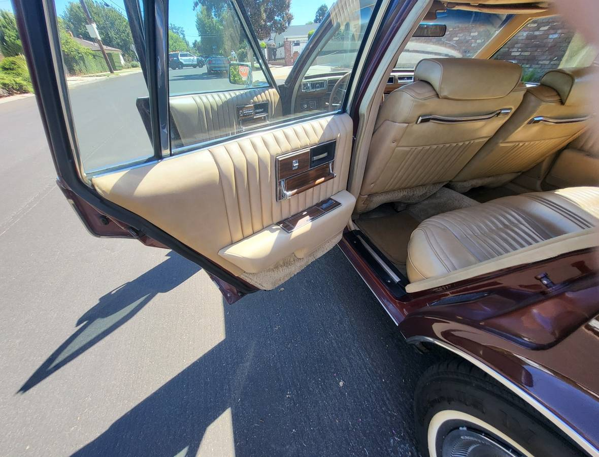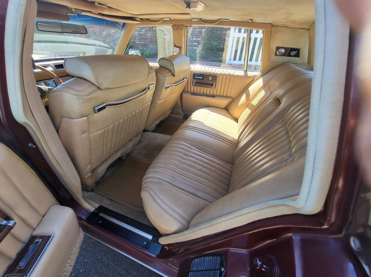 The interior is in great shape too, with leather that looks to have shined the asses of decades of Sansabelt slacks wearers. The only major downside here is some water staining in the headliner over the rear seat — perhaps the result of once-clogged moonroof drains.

---

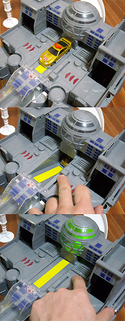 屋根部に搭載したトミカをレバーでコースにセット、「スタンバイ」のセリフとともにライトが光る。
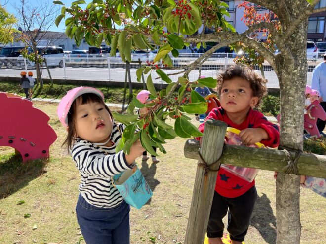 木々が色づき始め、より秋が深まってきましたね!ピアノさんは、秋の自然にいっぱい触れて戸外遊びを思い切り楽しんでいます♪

WORK TASK
Pictures aside, print exactly the lines above starting with the one containing "屋根部に搭載したトミカをレバ" and going on through the one containing "木々が色づき始め、より秋が深".

THE COMPLETED TASK
 屋根部に搭載したトミカをレバーでコースにセット、「スタンバイ」のセリフとともにライトが光る。
 木々が色づき始め、より秋が深まってきましたね!ピアノさんは、秋の自然にいっぱい触れて戸外遊びを思い切り楽しんでいます♪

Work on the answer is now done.